Piano nella stanza oggi stramazzavo

senza motivo, al mio corpo

vivo ho fatto la quotidiana autopsia:

ho trovato negli organi

una strana forma di nostalgia.

 

*

 

In principio fu la condanna beata

del letto-grembo a tenerci lontani

dai cuori pulsanti senza corpi

sui marciapiedi, loro che attendevano

collegamenti terminali con le nostre vene.

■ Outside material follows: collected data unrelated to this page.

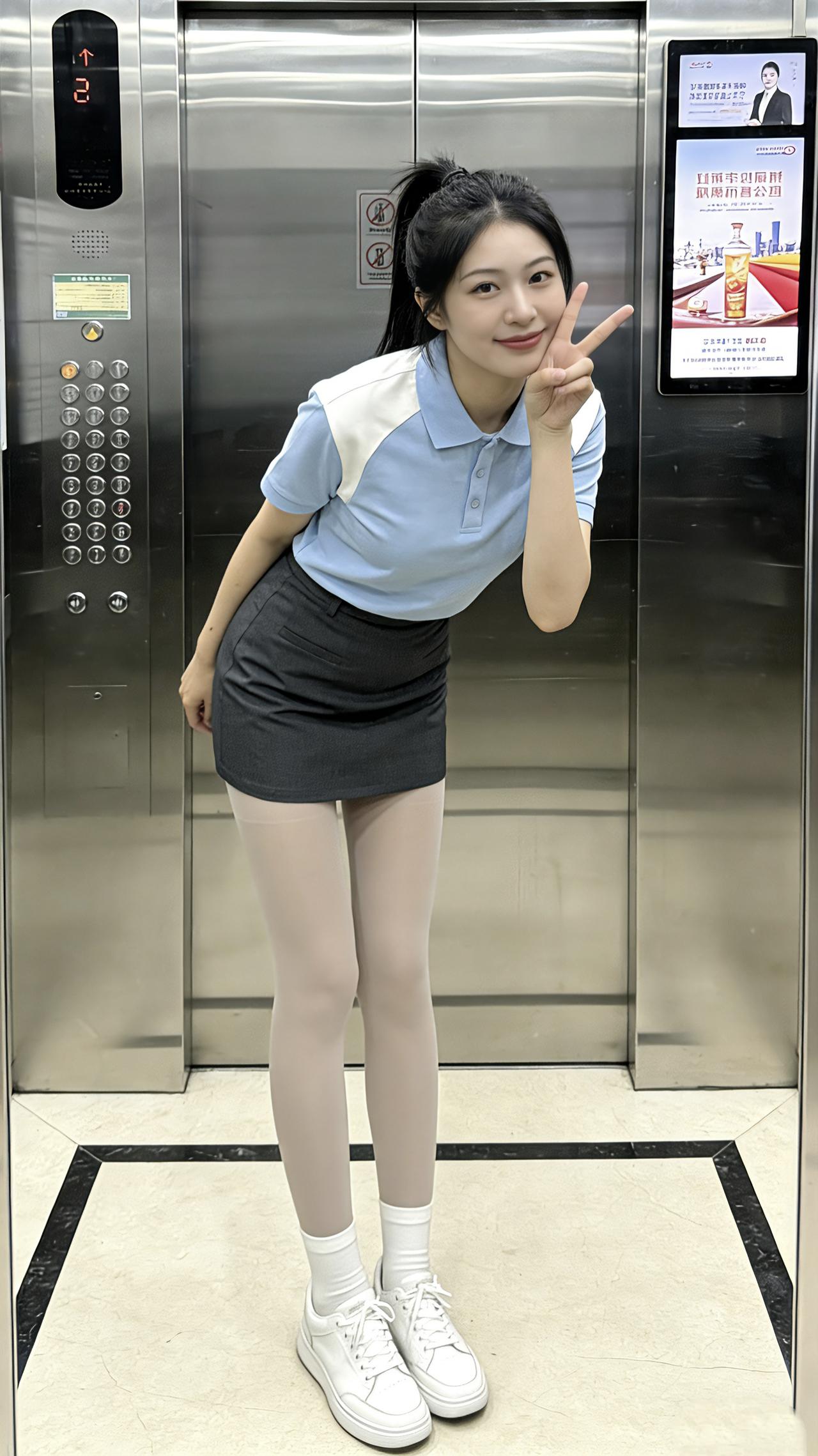 蓝白拼色Polo衫自带校园滤镜,配灰短裙利落显腿长 搭白袜小白鞋,电梯间随手拍都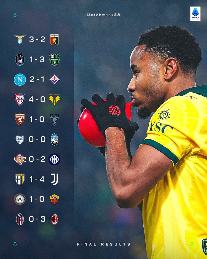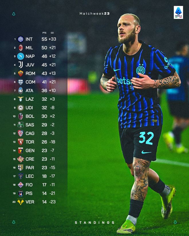 隨著今日凌晨AC米蘭3比0完勝博洛尼亞,意甲第23輪十場比賽全部結束。國際米蘭2比0小勝克雷莫納,繼續以五分優勢領跑聯賽積分榜,米蘭位列次席;那不勒斯2比1力克佛羅倫薩,仍位列歐冠區;羅馬客場1球負於烏迪內斯,將第四的名詞拱手相讓給本輪取得大捷的尤文圖斯,紅狼跌至歐聯席位區,科莫位列歐協聯附加賽區。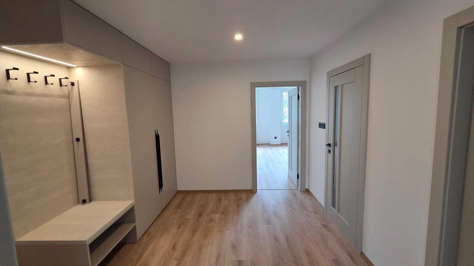 V bytě je vše nové, nové podlahy, nová koupelna, nová kuchyňská linka, nová světla, vypínače, bezfalcové dveře s obložkami. Celý interiér je pečlivě sladěný do nejmenšího detailu a zároveň každý detail je důležitý. Bezesporu největší dominantou bytu je kuchyňská linka s vestavěnými spotřebiči a vestavěná šatní skříň v chodbě. Vše bylo vyrobeno na míru pro tuto bytovou jednotku, pro Vás a Vaše příjemné bydlení.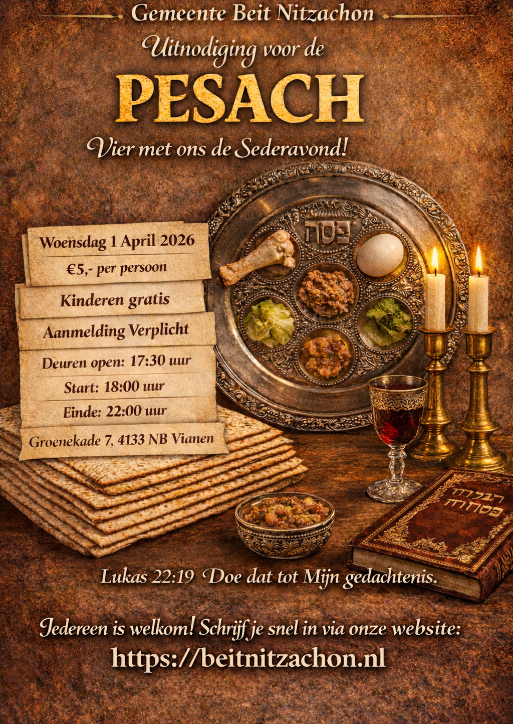 📅 Op woensdag 1 april 2026 nodigen wij je van harte uit voor een bijzondere en feestelijke Messiaanse Sederavond. Samen staan we stil bij de uittocht uit Egypte, vieren we vrijheid en ontdekken we de diepere betekenis van Pesach in het licht van Yeshua, de Messias.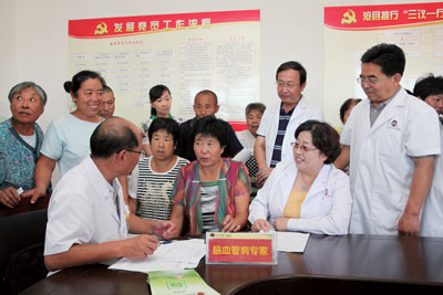 義診現(xiàn)場,聞訊而來的群眾摩肩接踵,每位醫(yī)師的面前都排起了長龍。今年72歲的劉老伯被兒子攙扶著走進(jìn)診室,劉老伯說,自己這么大歲數(shù)了從來沒有體檢過,聽說中心醫(yī)院的專家們今天來義診了還免費(fèi)體檢,一大早就往村委會趕?!爸行尼t(yī)院可真好啊,把大夫送到了俺們家門口,真是太方便了,俺今天要讓大夫給開點(diǎn)降壓藥,還要做個彩超……”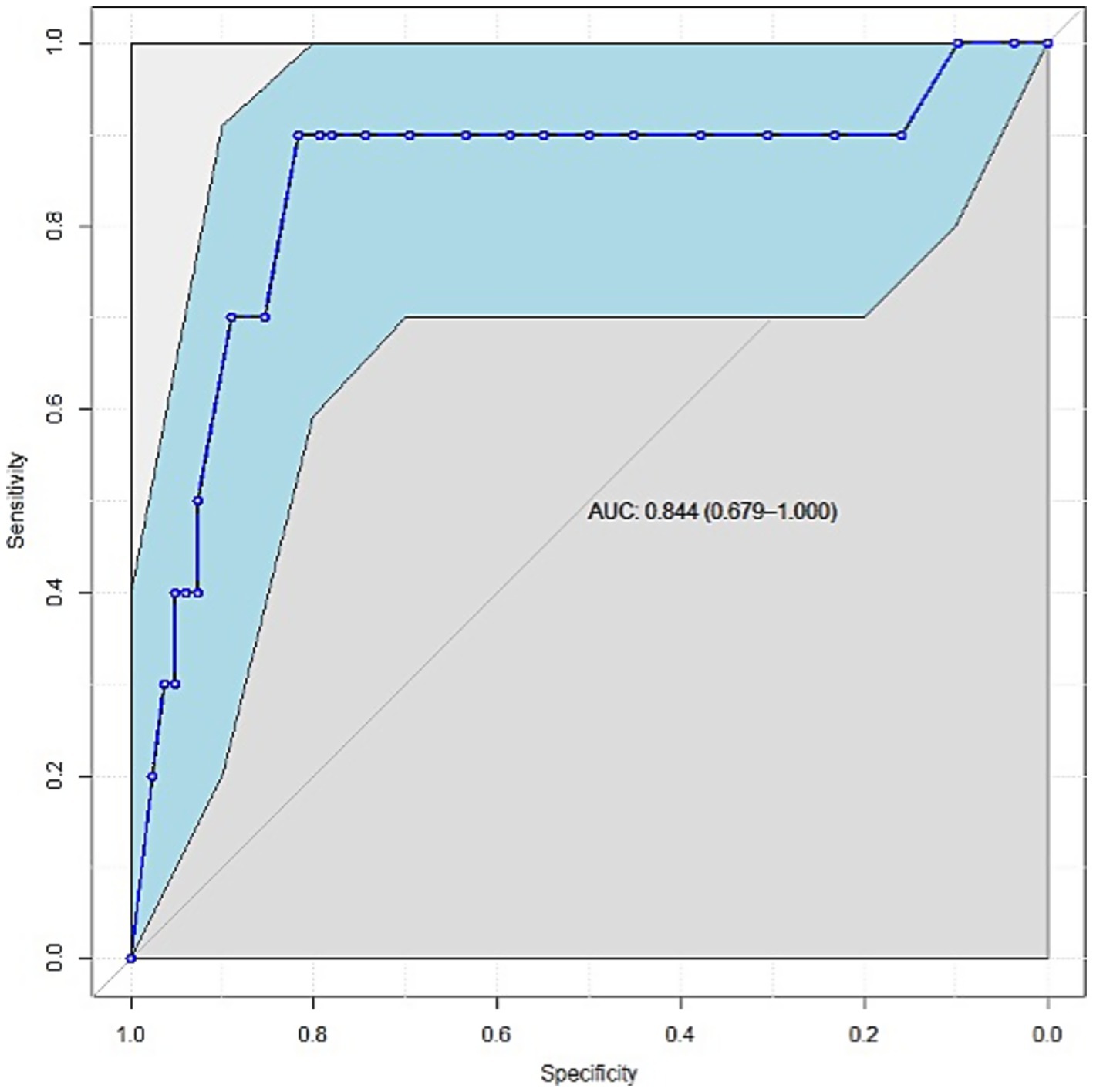 Figure 1. Receiver operating characteristic curve of APACHE II scores for predicting mortality among patients with BCT in the ICU. AUC: area under the curve.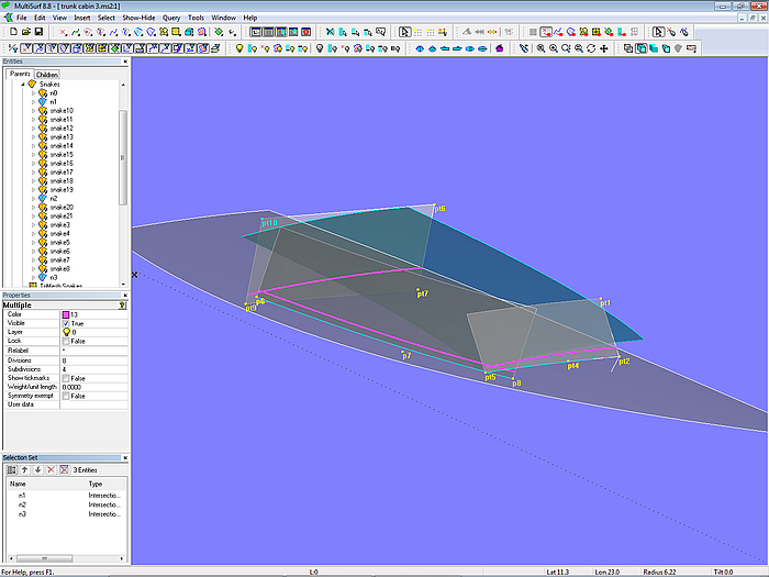 It is very convenient to maintain an Entity List which holds the objects that define the shape of the superstructure. Then you can quickly get all the points and curves on the screen, which really control form and position of the individual surfaces. Auxiliary objects such as rings for trimming intersection snakes, these themselves or their SubSnakes do not need to be displayed, these are just things which can stay in the background. Of main interest are the finished parts and the points (handles) and curves which control their shape.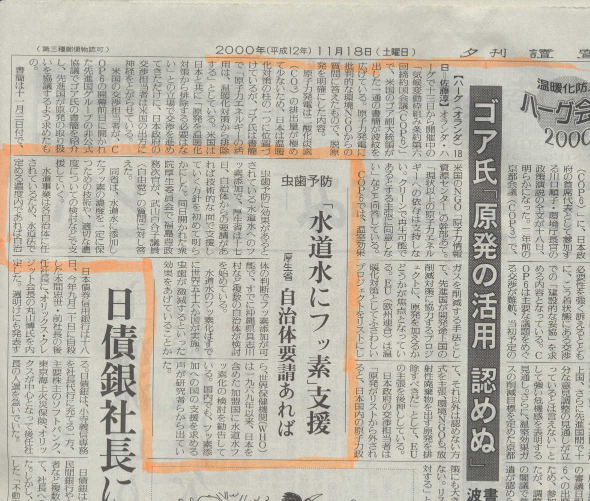 | 11月17日の衆議院厚生委員会の質問事項に「水道水フッ素化」があがったことは,日本の国もようやく,歯科保健鎖国時代を抜け出そうとしている兆候である。 くしくも,この記事を取り上げた読売新聞が,昨年,社説でこれを取り上げ、すべて,マスコミの先鞭を切ったのが,一連の鎖国時代終焉への道のりの一歩であった。 読売新聞の馬場錬成編集委員が木戸孝允としたら、惜しくも志半ばで急逝された故山下文夫先生はまさに坂本竜馬。 平成維新の,夜明け間近の様相を呈する,衆議院厚生委員会のやり取りであった。自由党の武山議員が,さらに,国民のために,厚生省の進んだ健康施策を引き出させるよう、期待するものである。 |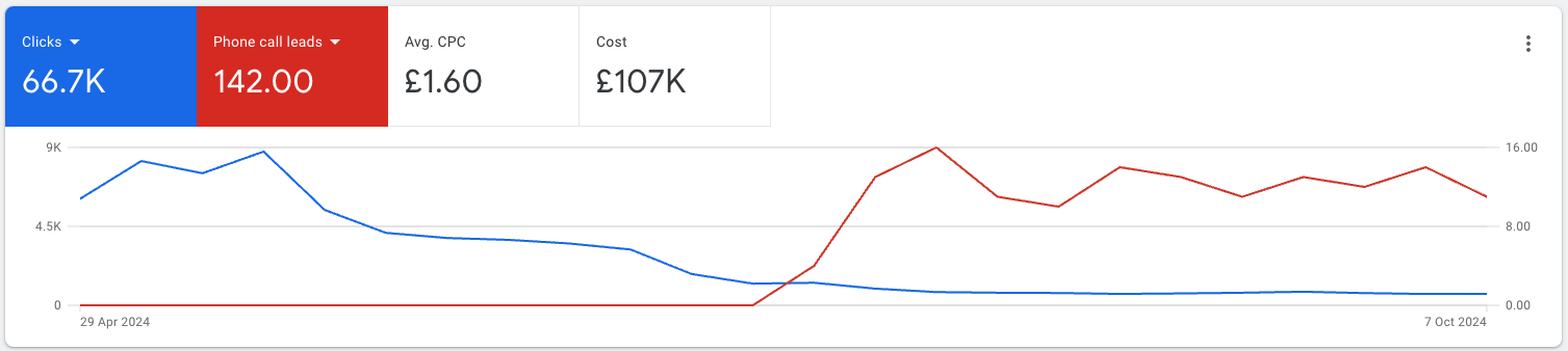 When we took on the account, despite spending £20k+ per month there were no conversion actions set up. We worked closely with the development team to provide direction for what CRO amends we needed implementing on the site. Alongside this we configured GTM, GA4 and Google Ads tracking, whilst setting up dynamic phone call tracking and lead form tracking.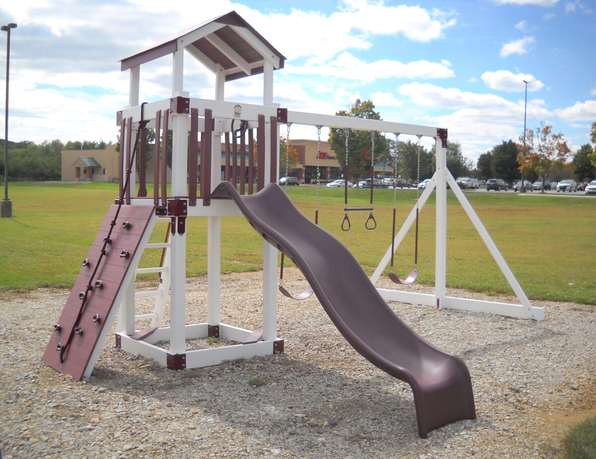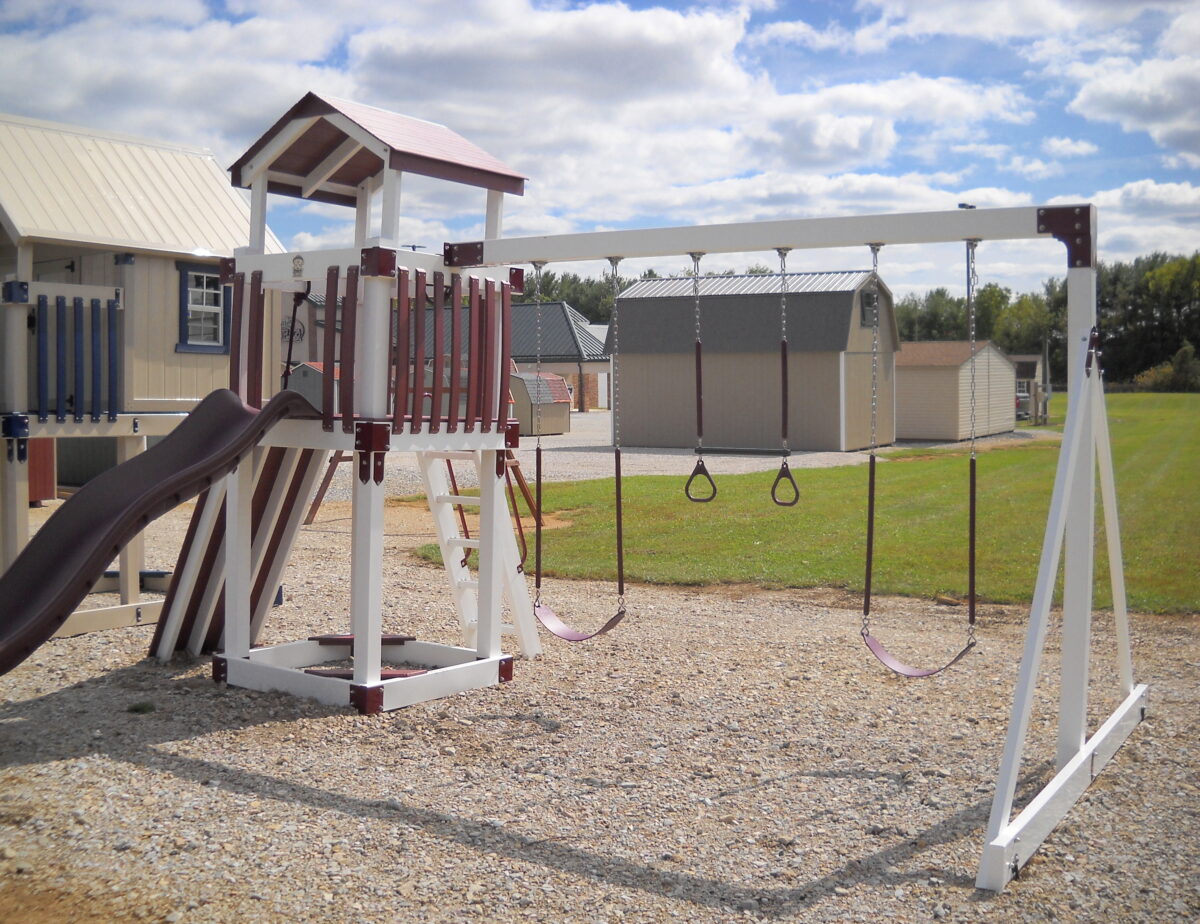Amish Hand Crafted Play Set from Adventure World Playsets Stop by and give them a swing . The B44-6 Features a 4’x’4 Tower 5ft high With Stairs ,Rock Wall, Wave Slide , 3 position Swing Beam and 2- belt swings and Trapeze Bar. Stop by our sales lot and give them swing. For more info on this and our other models call Tim 717-345-6541 or email pinecreektim@yahoo.com Financing is available Also Rent to Own .

Aveva l’odore buono del pane appena

sfornato il tepore amniotico delle coperte,

una goccia di saliva univa le ali disabituate

a gettarsi sui semi, il grano cresceva pari

passo ai tuoi capelli unti dall’asma.

 

In principio fu la condanna beata

dell’insonnia a tenerci vigili all’arrivo

della felicità, fu un ago nel cuscino

la scoperta che non eravamo noi

i dormienti scelti.

 

*

 

Scivola voluttuoso come burro

bagnato nelle orecchie

il morso ringhiante dell’attesa,

il cane prepara piano l’attacco alla notte

che non sa della sua morte nella pazienza,

un’ombra opaca lo guarda dal buco

d’un muro, non ha occhi né bocca:

è plasma di bava furiosa, racchiude il DNA

d’una felicità perduta.

©Inediti

© Lorenzo Pataro

Lorenzo Pataro è nato e vive in Calabria, in provincia di Cosenza, nel 1998. Studia Lettere Moderne a Salerno. Lo scorso giugno è stata pubblicata la sua prima silloge poetica per Controluna-edizioni di poesia, “Bruciare la sete”, con la prefazione di Eleonora Rimolo. Diversi testi sono usciti per riviste e Lit-blog come Atelier Poesia (uno di questi è stato tradotto in spagnolo dal Centro Cultural Tina Modotti di Antonio Nazzaro), Poetarum Silva, YAWP: giornale di letterature e filosofie, Frequenze poetiche, Menti sommerse per la rubrica “I fiordalisi”, Poesia ultracontemporanea, Neobar, Limina mundi, Poesie sull’albero, Un posto di vacanza, La rosa in più.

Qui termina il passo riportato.